The Windows 10 Sets feature, by which windows can be made to display apps as window tabs, gives developers another organization and engagement option. Belfiore suggested Sets offers a better way to work than relying on dozens of open browser tabs. It will ship, he said, "when we think it's great."

Given the nature of software development, there's no telling when that might be.

Joe Belfiore Build 2018

Talk about sparse array ... Joe Belfiore on stage at Build

The Microsoft Launcher app on Android will be fitted with hooks for Enterprise customers, enabling, for example, the discovery of line of business apps discovery during configuration.

Microsoft updated its Teams APIs in the Microsoft Graph to help companies create applications that fit their organizations and publish them to the Teams app store.

SharePoint burrowed deeper into Teams. Now users can pin a SharePoint page into Teams channels and developers can uses front-end frameworks like React in those pages.

Excel expanded support for Power BI Visualizations, because charts mark everything better.

Designers saw some love with the arrival of UWP XAML Islands, which sounds like tropical paradise facing a vowel shortage but in fact provides a way to create XAML controls that work across Windows Forms, WPF or Win32 apps.

This means all Windows applications can access the Fluent Design System regardless of the user-interface stack.

.NET Core 3.0, the open source, cross-platform flavor of Microsoft’s .NET, got a target release date, as we mentioned on Monday.

Kevin Gallo, head of Windows developer platform, said the revision will allow developers to run multiple instances of .NET side by side on same computer.

MSIX, a container-based system for packing and unpacking apps from a variety of platforms into a format suitable for the Microsoft Store, received mention. Introduced last year, it continues to improve. It now supports both enterprise management and Microsoft Store, in conjunction with a managed security model.

"Our mission is to make Windows the best dev box for you," said Gallo.

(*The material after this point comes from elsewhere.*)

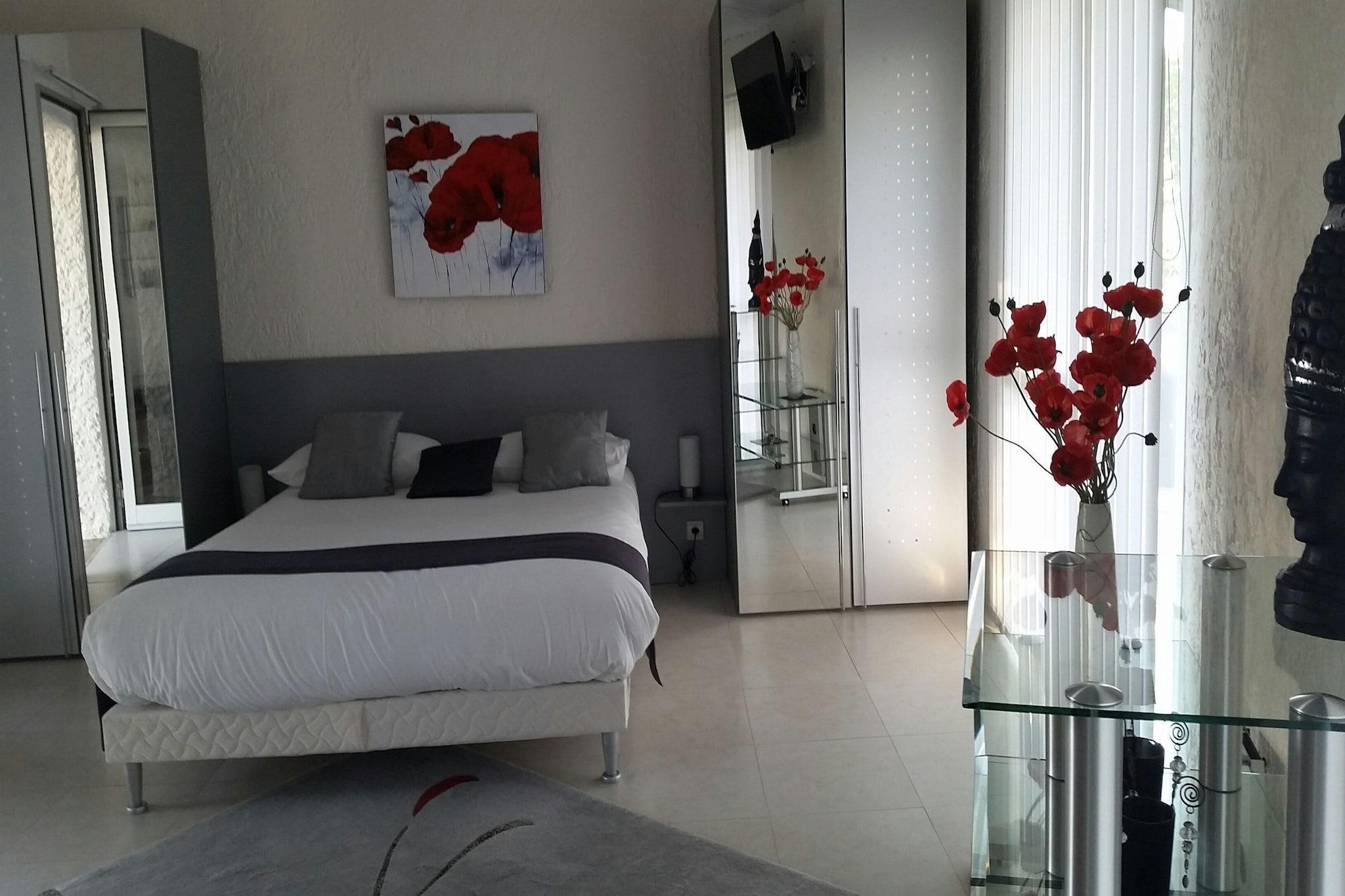 Stor lejlighed på 200 m² i en arkitekttegnet villa på en usædvanlig beliggenhed. Ikke overset, meget stille, fuldt udstyret med aircondition og tæt på alle faciliteter. Består af en stor suite og to soveværelser med flere sydvendte terrasser og panoramaudsigt over havet og bjergene. Flere lounger, spisestue, et moderne udstyret køkken, massageområde, lydrum, udstyret sportsrum, jacuzzi, hammam, sauna, bordtennisområde, plancha og grill, ... er tilgængelige for alle! I et privat og lukket område på mere end 300 hektar, som på grund af sin beliggenhed og beliggenhed, uden nogen modsætning, tilbyder lejligheden intimitet, fred og absolut ro. Den er velegnet til de mest krævende kunder, VIP'er og berømtheder. På grund af sin rolige beliggenhed udlejes denne lejlighed ikke til ungdomsgrupper. Ferielejligheden ligger i samme ejendom som ejeren.

Whatever else it is, the Windows platform should soon offer developers the best bang for the buck: Belfiore highlighted plans to improve the share of revenue developers get for Microsoft Store app sales.

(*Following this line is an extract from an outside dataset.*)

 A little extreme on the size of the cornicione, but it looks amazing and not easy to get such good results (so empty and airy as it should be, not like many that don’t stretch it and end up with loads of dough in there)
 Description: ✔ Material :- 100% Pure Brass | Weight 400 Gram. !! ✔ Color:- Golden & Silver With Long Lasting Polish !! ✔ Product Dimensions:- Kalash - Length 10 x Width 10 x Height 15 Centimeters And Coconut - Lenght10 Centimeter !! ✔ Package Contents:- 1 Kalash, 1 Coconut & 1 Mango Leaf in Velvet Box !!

JavaScript + AI + Excel = ...

Microsoft previewed the ability to run custom functions locally within Excel spreadsheets using JavaScript or Microsoft Azure Machine Learning services on Windows, macOS, and Excel Live. JavaScript allows Excel users to, for example, fetch info from the web; machine learning functions make calculations based on trained models.

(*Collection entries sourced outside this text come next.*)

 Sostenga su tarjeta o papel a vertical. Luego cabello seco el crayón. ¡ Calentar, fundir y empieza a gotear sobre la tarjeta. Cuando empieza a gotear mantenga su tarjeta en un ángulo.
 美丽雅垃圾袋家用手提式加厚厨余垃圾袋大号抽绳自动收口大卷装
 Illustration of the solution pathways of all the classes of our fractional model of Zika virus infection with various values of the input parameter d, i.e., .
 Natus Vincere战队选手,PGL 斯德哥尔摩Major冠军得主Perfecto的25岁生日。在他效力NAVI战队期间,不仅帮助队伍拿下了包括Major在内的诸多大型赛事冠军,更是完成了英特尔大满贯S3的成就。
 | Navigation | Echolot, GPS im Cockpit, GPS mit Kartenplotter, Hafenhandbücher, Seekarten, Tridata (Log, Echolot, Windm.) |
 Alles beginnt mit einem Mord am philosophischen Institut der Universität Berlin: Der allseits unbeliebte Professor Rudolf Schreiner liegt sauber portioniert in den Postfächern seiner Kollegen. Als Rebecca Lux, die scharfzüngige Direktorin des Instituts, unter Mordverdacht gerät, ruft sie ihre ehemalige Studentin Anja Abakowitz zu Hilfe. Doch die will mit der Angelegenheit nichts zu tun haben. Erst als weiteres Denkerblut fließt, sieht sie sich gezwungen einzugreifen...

Basically, you can use JavaScript in your spreadsheet to add extra functions, alongside the usual things like SUM(), including fetching stuff from the web. You can also use Python with online machine-learning tools to process data within a spreadsheet.

You need to follow these steps and then these steps to get the JavaScript add-ins to work. One hopes it's sufficiently sandboxed, though.

Windows Machine Learning, or Windows ML as it's known among friends, was revisited. Announced at a developer event in March, it allows Windows users to add machine-learning models, trained on local devices rather than some bill-by-the-minute cloud, to their apps.

Finally, Microsoft 365 will now support Adaptive Cards, which let developers present flashy notification messages from apps, bots and the like in Teams and Outlook. Adaptive Cards will also support payments, allowing users to pay bills through Outlook emails. There's a big bunch of links to Microsoft's Office 365 updates here, if you're interested.

Belfiore closed by noting that with all the cited features coming to Windows 10, now's the time for developers to start registering app activities with the Microsoft Graph.

Graph data, he said, is your data, a declaration intended to distance Microsoft from less privacy-conscious peers.

"You control it and you manage it," he said.